A logistic regression model calculates the probability that an observation belongs to a particular category, given the set of predictors associated with that observation. The output from the model (the predicted probabilities) are limited to values between 0 and 1 using a logistic function.
Technical notes: After some mathematical rearrangement, the model becomes a typical linear equation where the left side of the equation is log-odds, log(p/(1-p)), and the right side consists of an intercept and coefficients associated with each predictor. Using R’s predict() function with the results of a glm(family = binomial) model produces probability values that have already been calculated from the log-odds values produced by the model.

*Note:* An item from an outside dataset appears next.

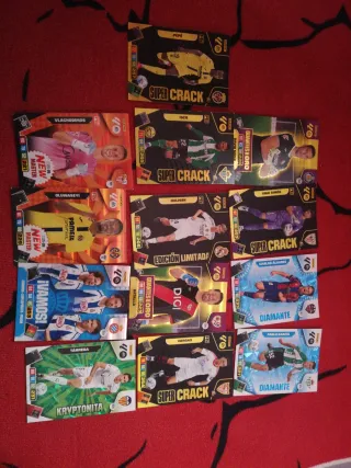 Lote de cartas de fútbol Panini Adrenalyn XL de la temporada 2025-2026. Incluye varias cartas 'Super Crack', 'Diamante' y 'Edición Limitada'. - Cartas de jugadores como Pepe, Isco, Unai Simón, Carlos Álvarez, Pablo García, Vargas, Olusewi, Tárrega, Huijsen, Vlachodimos. - Cartas especiales: 'New Master', 'Guantes de Oro', 'Kryptonita', 'Batalla'. - Incluye cartas de edición limitada y de alta puntuación.

The true outcomes in this study are ‘0’ or ‘1’ (did not or did purchase), but a logistic regression model produces probabilities (in the form of log odds) as the predicted outcomes. A decision threshold has to be selected to classify cases into ‘0’ or ‘1’ based on their individual probabilities from the model. The decision threshold affects sensitivity and specificity. As an extreme example, if all our cases with probability < 0.02 are classed as ‘0’ and all cases with probability ≥ 0.02 are classed as ‘1’, there would be no ‘0’ cases and all ‘1’ cases, which means a sensitivity of 100% but also a 100% false-positive rate. If cases in the sample were divided half-and-half into ‘0’s and ’1’s, then a decision threshold could be 0.5, but it also depends on other things like how important it is not to miss a ’1’ case, or the consequences of falsely flagging a ‘0’ case. We have no particular requirements about either missed cases or false positives. Pronk et al. (2017) said that in the absence of a clinically well-accepted threshold, prevalence in the sample could be used instead, which would be 0.1978 in our sample (the actual proportion of those who purchased).
The plot below illustrates how choosing different thresholds affects sensitivity and specificity for our sample, for a model that includes all 28 predictors.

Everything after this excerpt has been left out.